The epiblast of the mantle has the special capacity of secreting a shell, and the integument of the foot has also a more or less similar property in that it forms the operculum, and a byssus in some Lamellibranchiata, other parts of the integument form the radula, setæ in Chiton, and other similar structures.
Nervous system. The origin of the nervous system in Mollusca is still involved in some obscurity. It is the general opinion amongst the majority of investigators that the nervous ganglia in Gasteropods and Pteropods are formed from detached thickenings of the epiblast. Both Lankester (No. [239]) and Fol (No. [249]‑[251]) have arrived at this conclusion, and Rabl has shewn by sections that in Planorbis there are two lateral thickenings of the epiblast in the velar area; from which the supra-œsophageal ganglia become subsequently separated off. The observations on the pedal ganglia are less precise: they very probably arise as thickenings of the epiblast of the side of the foot.
According to Fol, the nervous system in the Hyaleacea amongst the Pteropoda originates in a somewhat different way. A disc-like area appears in the centre of the velum, which soon becomes nearly divided into two halves. From each of these there is formed by invagination a small sack. The axes of invagination of the two sacks meet at an angle on the surface. The cavities of the sacks become obliterated; the sacks themselves become detached from the surface, fuse in the middle line, and come to lie astride of the œsophagus. Fol has detected a similar process in Limax. The exact origin of the pedal ganglia was not observed, but Fol is inclined to believe that they develop from the mesoblast of the foot.
A very different view is held by Bobretzky (No. [242]), whose observations were made by means of sections.
The supra-œsophageal and pedal ganglia are formed according to this author as independent and ill-defined local thickenings of cells which are apparently mesoblastic. The two sets of ganglia appear nearly simultaneously, and later than the rudiments of the auditory and optic organs.
In the Cephalopoda there seems to be but little doubt, as first pointed out by Lankester, that the various ganglia originate in what is apparently mesoblastic tissue.

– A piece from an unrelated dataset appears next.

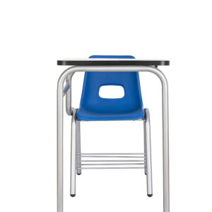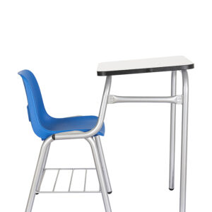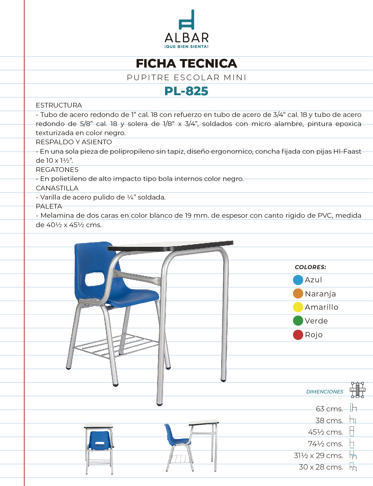 Estructura en tubo de acero redondo de 1” cal. 18 con refuerzo en tubo de acero de 3/4“ cal. 18 y tubo de acero redondo de 5/8” cal. 18 y solera de 1/8“ x 3/4”, soldados con micro alambre, pintura epoxica texturizada en color negro, respaldo y asiento en una sola pieza de polipropileno sin tapiz, diseño ergonomico, concha fijada con pijas HI-Faast de 10 x 1½”, canastilla en varilla de acero pulido de ¼” soldada, paleta en melamina de dos caras en color blanco de 19 mm. de espesor con canto rigido de PVC, medida de 40½ x 45½ cms.
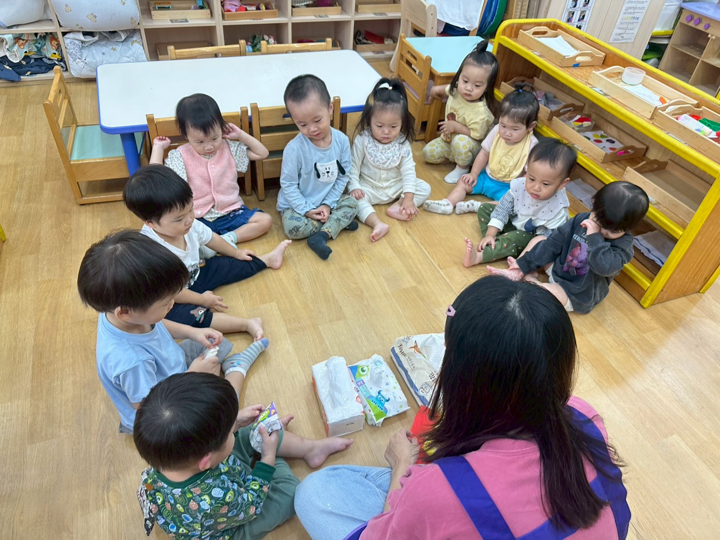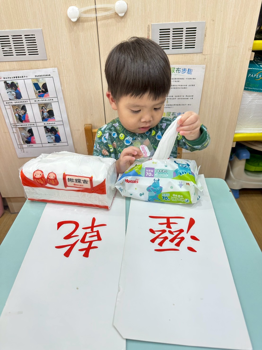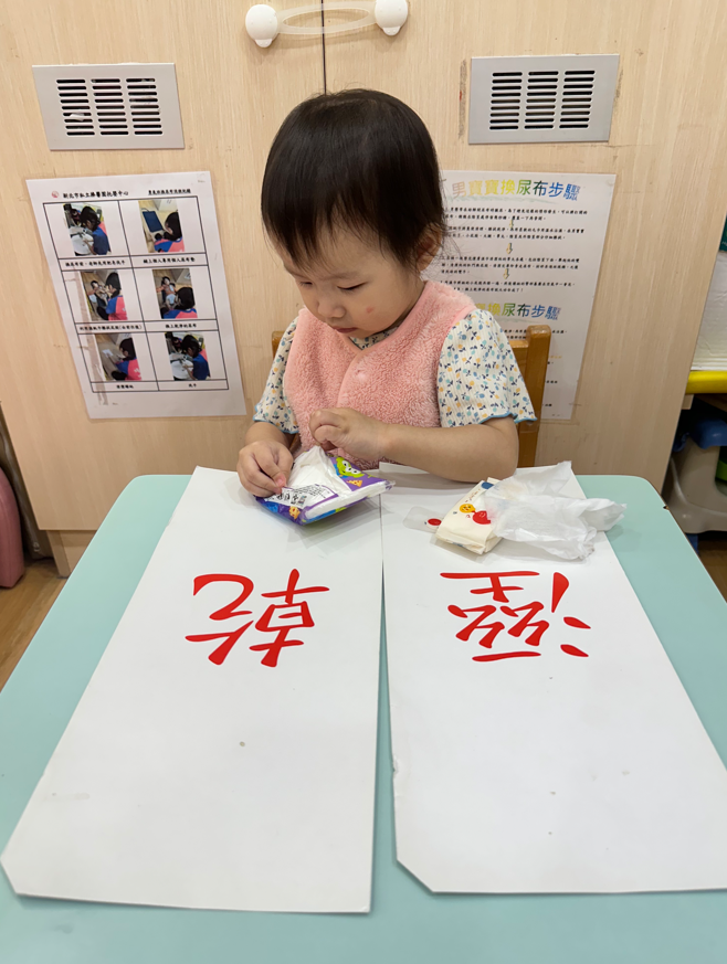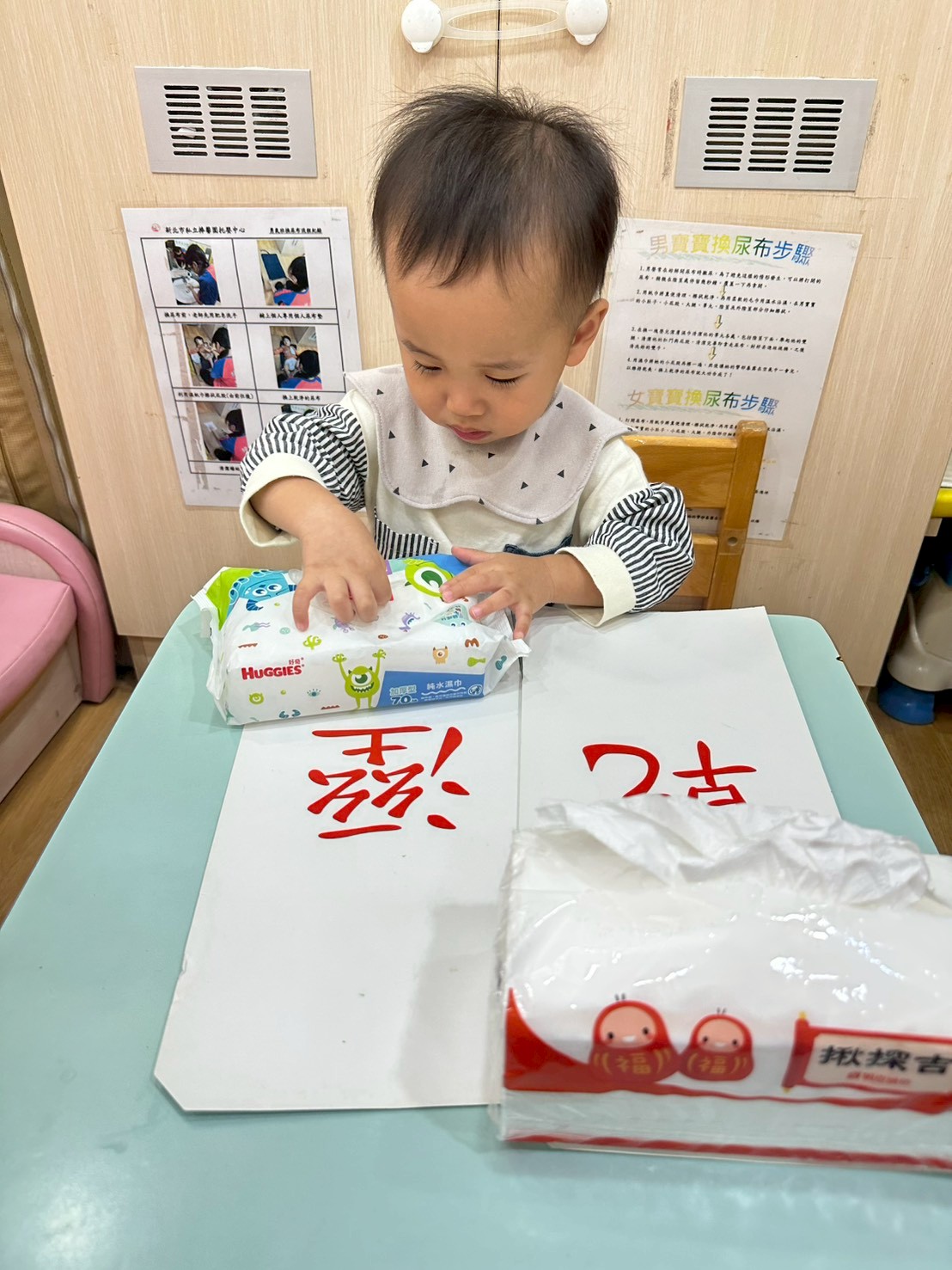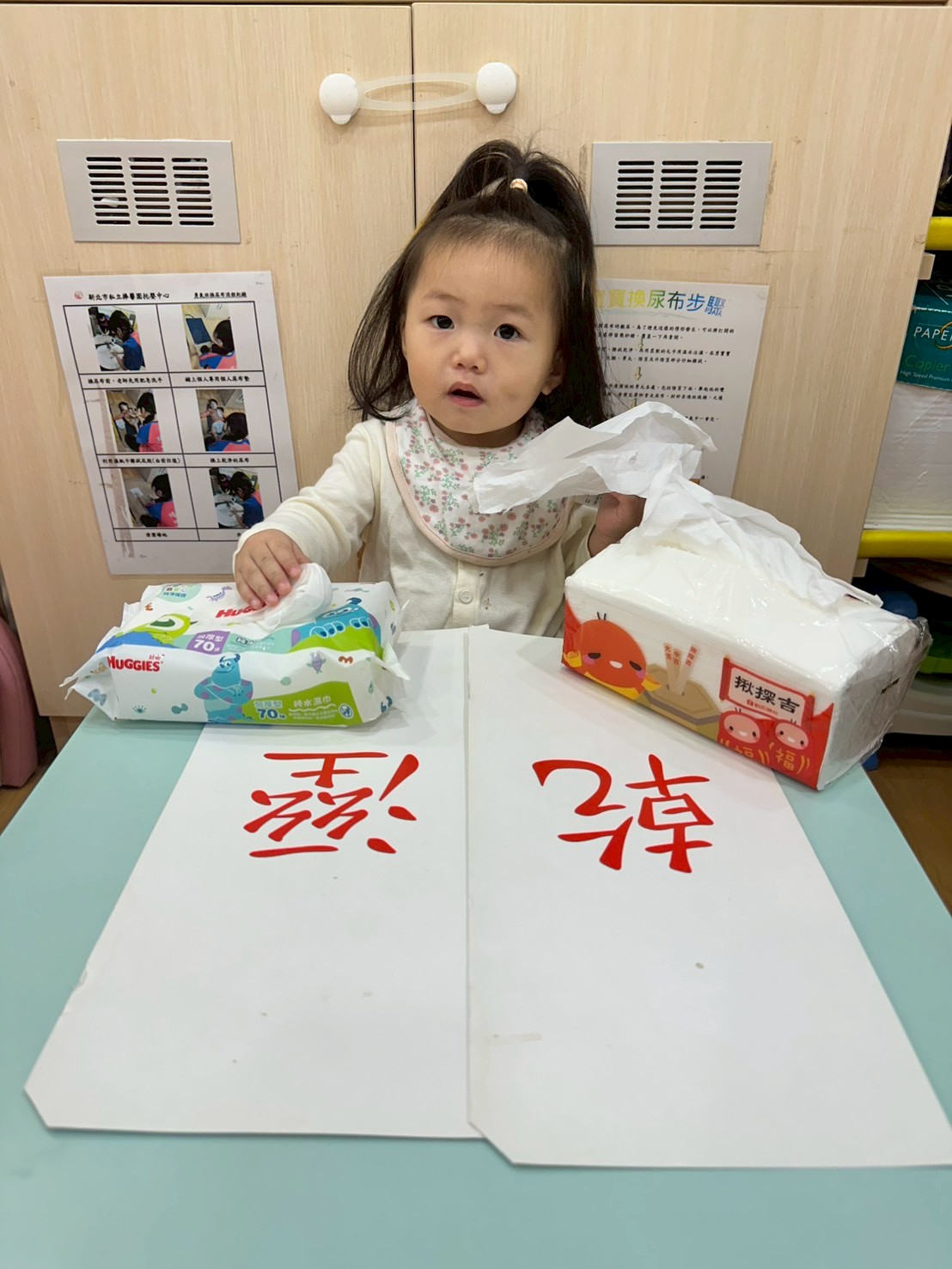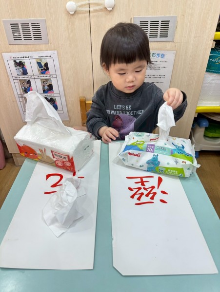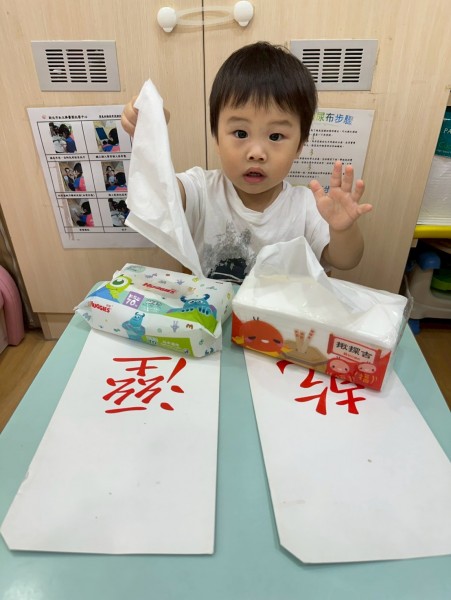 透過這次的主題帶孩子們認識平常常使用的不同紙張(衛生紙、濕紙巾、餐巾紙、一般A4紙、皺褶紙),認識紙張與觸摸紙張,並了解各種紙張的用途。

There is still very much requiring to be made out with reference to their origin, unless details on this subject are given in Bobretzky’s Russian memoir. It would seem however that each ganglion develops as an independent differentiation of the mesoblast (unless the optic and cerebral ganglia are from the first continuous)[112]. The corresponding ganglia of the two sides become subsequently united and the various ganglia become connected by their proper commissural cords. The ganglia are shewn in figures [124], [126], and [127].

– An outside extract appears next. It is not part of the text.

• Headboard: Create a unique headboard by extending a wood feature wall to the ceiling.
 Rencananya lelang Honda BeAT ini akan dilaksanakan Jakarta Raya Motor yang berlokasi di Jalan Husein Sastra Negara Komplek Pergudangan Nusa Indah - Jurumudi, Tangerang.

In Lamellibranchiata the development of the nervous system has not been worked out.
The two points which are most striking in the development of the nervous system of Mollusca are (1) the fact that in the Cephalopoda at any rate it is developed from tissue apparently mesoblastic; and (2) the fact that the several ganglia frequently originate quite independently, and subsequently become connected.

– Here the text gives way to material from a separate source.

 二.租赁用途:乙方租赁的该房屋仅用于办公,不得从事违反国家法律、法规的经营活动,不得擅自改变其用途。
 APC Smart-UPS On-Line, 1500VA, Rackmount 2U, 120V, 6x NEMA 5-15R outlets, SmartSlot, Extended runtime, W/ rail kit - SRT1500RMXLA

With reference to the first of these points it should be noticed that the supra-œsophageal and pedal ganglia are at first respectively connected with the optic and auditory organs, and that these sense organs are in some cases at any rate developed anteriorly in point of time to the ganglia. It seems perhaps not impossible that primitively the ganglia may have been simply differentiations of the walls of the sense organ, and perhaps their apparent derivation from the mesoblast is really a derivation from cells which primitively belonged to the walls of these sense organs. Bobretzky’s observations on Fusus fit in well with this view.